#### Task brief
Only the text of the records, copied exactly, is wanted; no pictures.

#### Data supplied
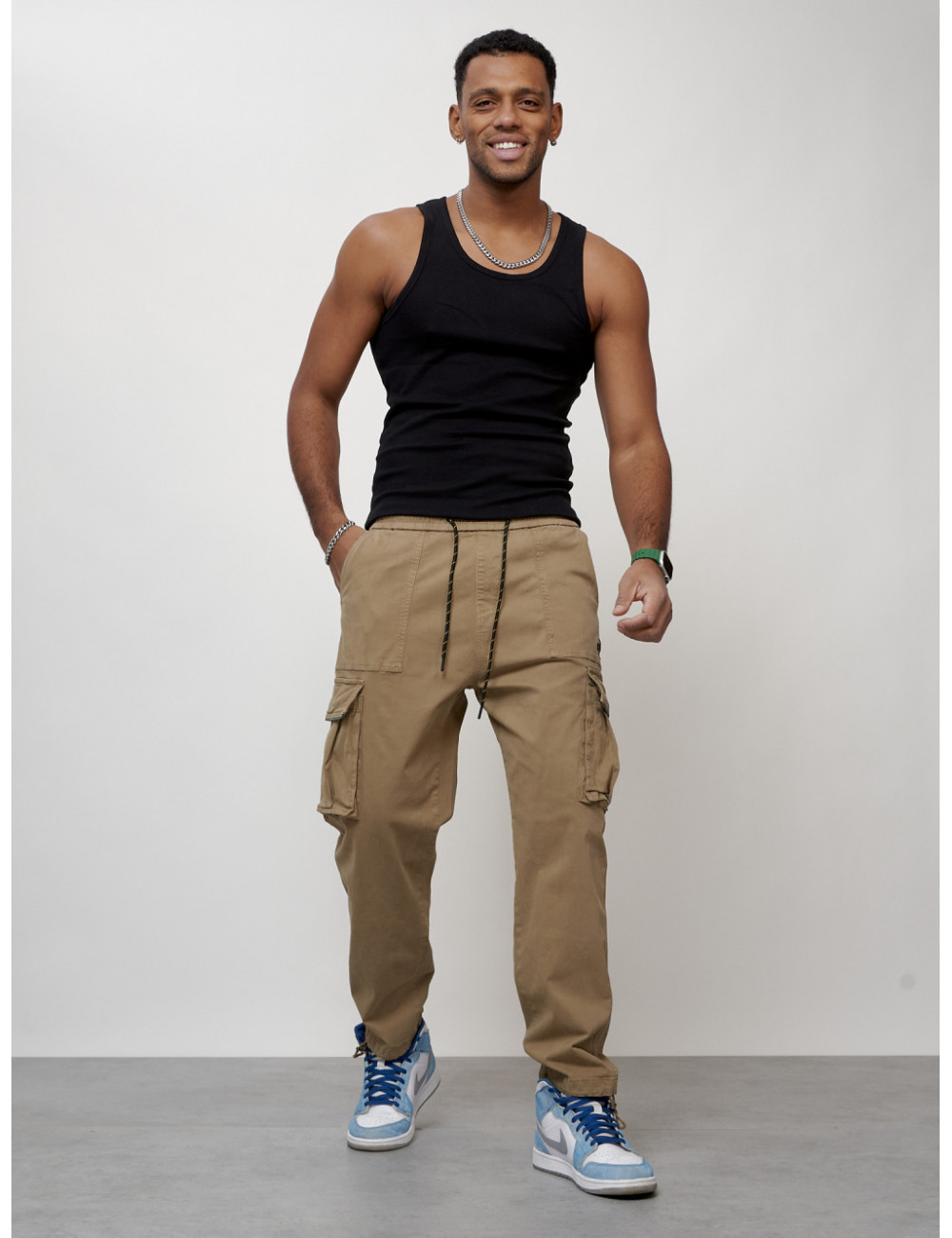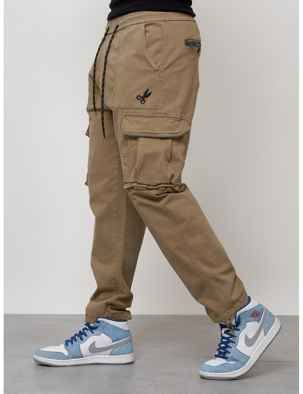 Доставка Мужские брюки карго с накладными карманами, бежевые по Тюмени и Тюменской области СДЭК
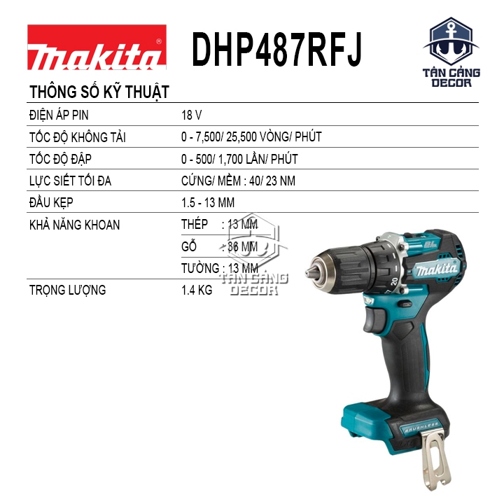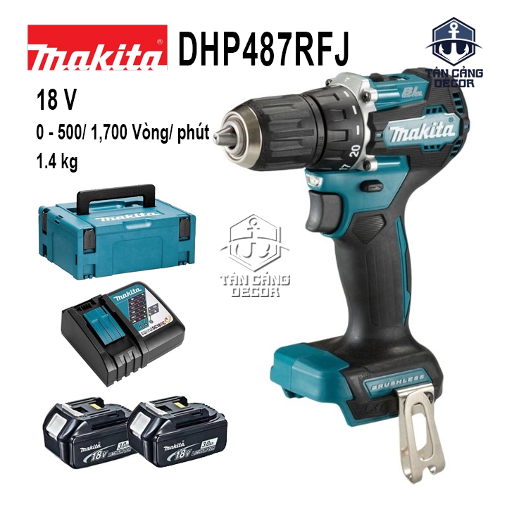 - Máy Khoan Động Lực Dùng Pin Makita 18V DHP487 là dòng thiết bị hỗ trợ chuyên dụng rất được ưa chuộng và sử dụng rộng rãi bởi người lao động với khả năng thực hiện và đáp ứng rất tốt và phù hợp với các xưởng nội thất gỗ.
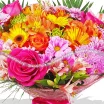 Хризантема ромашковая фиолетовая - 9 шт., гербера оранжевая - 5 шт., гербера желтая - 4 шт., роза розовая - 6 шт., роза оранжевая - 5 шт., альстромерия оранжевая - 6 шт., альстромерия розовая - 6 шт., хризантема одноголовая зеленая - 6 шт., лист рабелини - 5 шт., натуральная упаковка розовая, бант в тон.
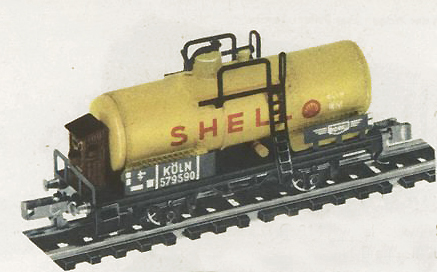 | kotlový vůz žlutý s logem „SHELL“ a s brzdařskou budkou |
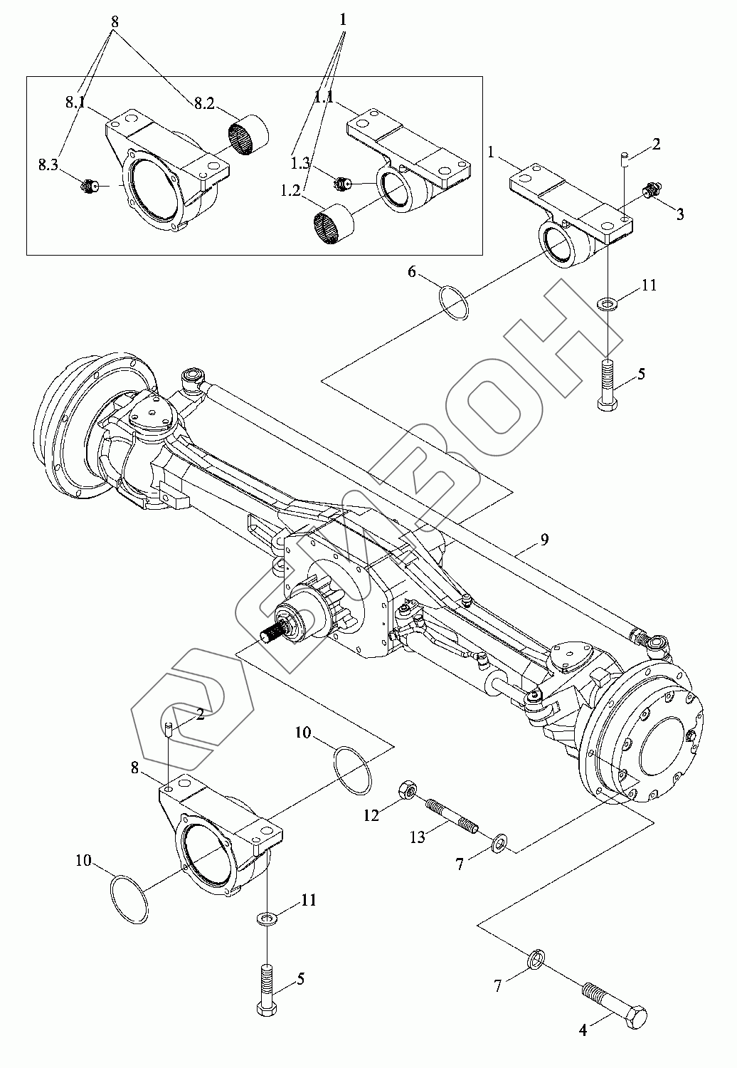 Графический каталог запасных частей к технике: LOVOL TD1SA904-050K. Передний ведущий мост 1
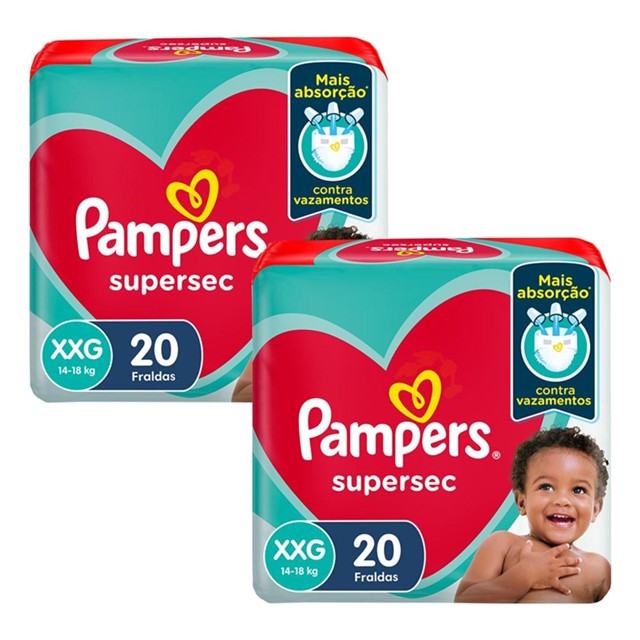 | Kit 2 Fraldas Pampers Supersec XXG 20 Unidades este produto | R$ 97,86 | 12% | — | — |
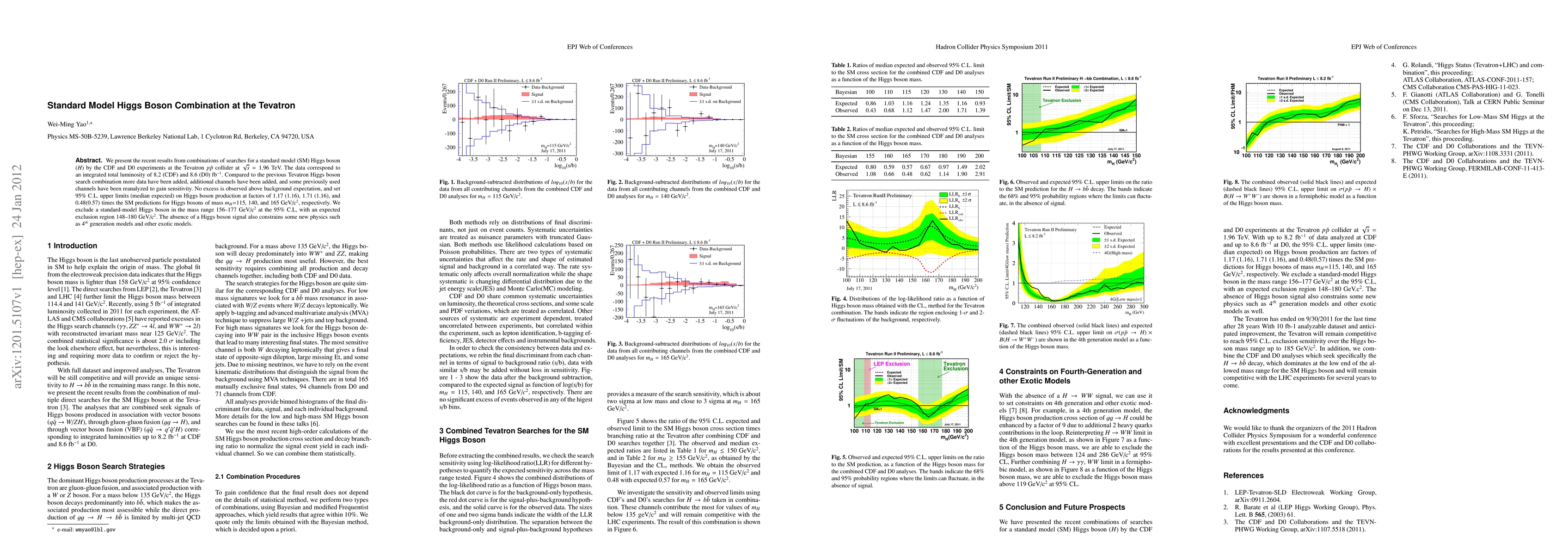 This paper combines recent results from the CDF and D0 experiments at the Tevatron, analyzing data up to 8.6 fb$^{-1}$ to search for a standard model Higgs boson. No significant excess is observed, leading to upper limits on Higgs boson production and exclusion of a Higgs boson in the mass range of 156--177 GeV/c$^2$ at 95% confidence level.
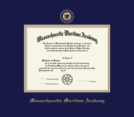 Massachusetts Maritime Academy Diploma - BA (8/21 to 6/24) Frame with Navy Blue and Gold Double Mat and Gold Embossing
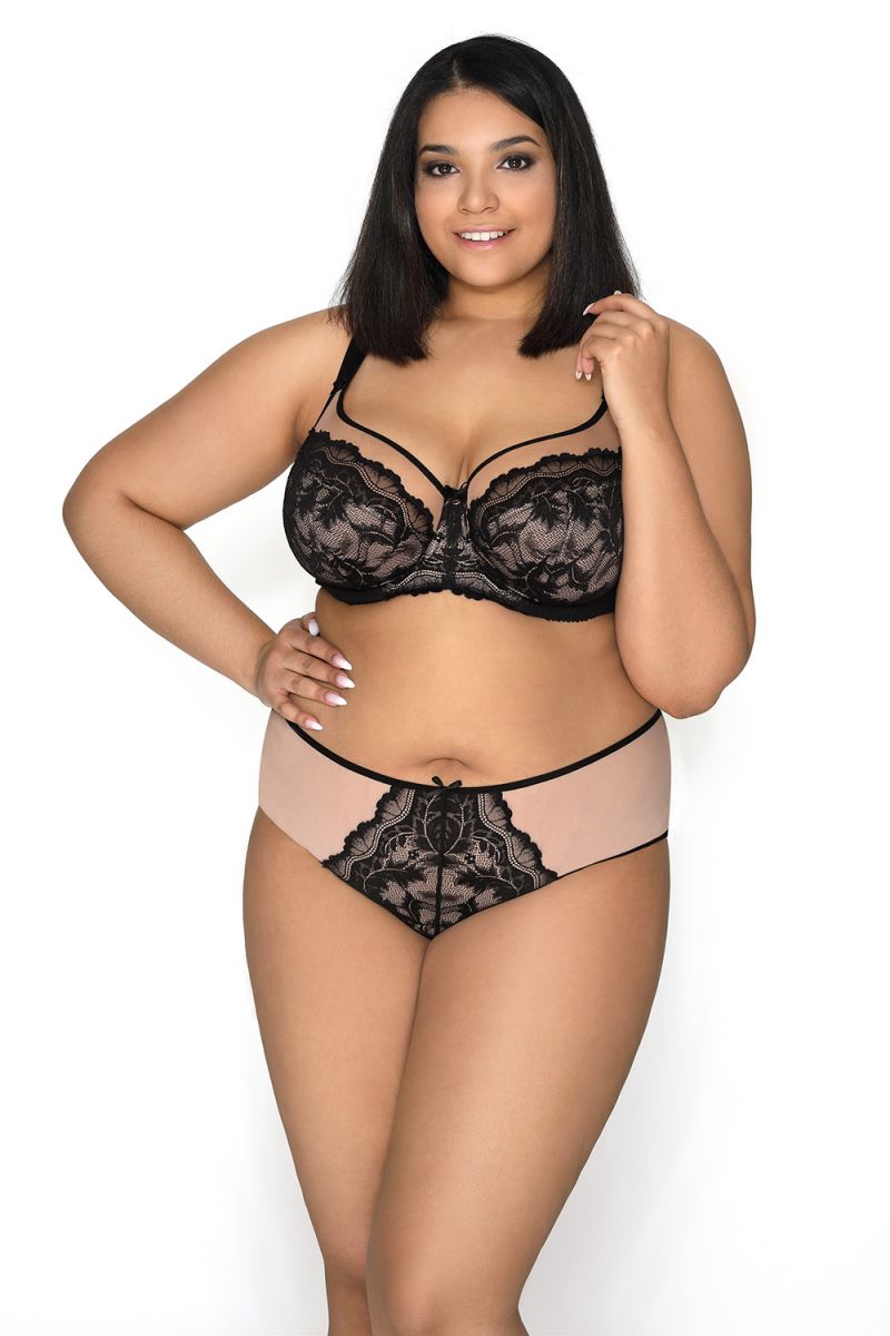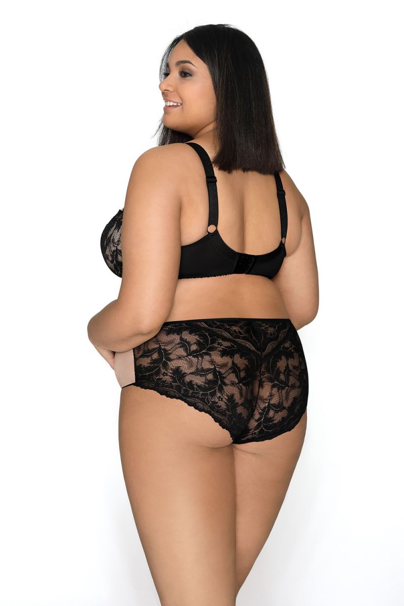 Трусики "Olivia" отличаются уникальным двухцветным дизайном. Основной цвет – нежный бежевый, который создает эффект второго слоя кожи и идеально сочетается с любым оттенком одежды. На передней части расположен выразительный черный кружевной элемент с растительным узором, который становится акцентной деталью и придает модели особую изысканность. Задняя часть полностью выполнена из полупрозрачного черного кружева с таким же растительным рисунком, создавая гармоничный и соблазнительный образ.

#### Result below
 Доставка Мужские брюки карго с накладными карманами, бежевые по Тюмени и Тюменской области СДЭК
 - Máy Khoan Động Lực Dùng Pin Makita 18V DHP487 là dòng thiết bị hỗ trợ chuyên dụng rất được ưa chuộng và sử dụng rộng rãi bởi người lao động với khả năng thực hiện và đáp ứng rất tốt và phù hợp với các xưởng nội thất gỗ.
 Хризантема ромашковая фиолетовая - 9 шт., гербера оранжевая - 5 шт., гербера желтая - 4 шт., роза розовая - 6 шт., роза оранжевая - 5 шт., альстромерия оранжевая - 6 шт., альстромерия розовая - 6 шт., хризантема одноголовая зеленая - 6 шт., лист рабелини - 5 шт., натуральная упаковка розовая, бант в тон.
 | kotlový vůz žlutý s logem „SHELL“ a s brzdařskou budkou |
 Графический каталог запасных частей к технике: LOVOL TD1SA904-050K. Передний ведущий мост 1
 | Kit 2 Fraldas Pampers Supersec XXG 20 Unidades este produto | R$ 97,86 | 12% | — | — |
 This paper combines recent results from the CDF and D0 experiments at the Tevatron, analyzing data up to 8.6 fb$^{-1}$ to search for a standard model Higgs boson. No significant excess is observed, leading to upper limits on Higgs boson production and exclusion of a Higgs boson in the mass range of 156--177 GeV/c$^2$ at 95% confidence level.
 Massachusetts Maritime Academy Diploma - BA (8/21 to 6/24) Frame with Navy Blue and Gold Double Mat and Gold Embossing
 Трусики "Olivia" отличаются уникальным двухцветным дизайном. Основной цвет – нежный бежевый, который создает эффект второго слоя кожи и идеально сочетается с любым оттенком одежды. На передней части расположен выразительный черный кружевной элемент с растительным узором, который становится акцентной деталью и придает модели особую изысканность. Задняя часть полностью выполнена из полупрозрачного черного кружева с таким же растительным рисунком, создавая гармоничный и соблазнительный образ.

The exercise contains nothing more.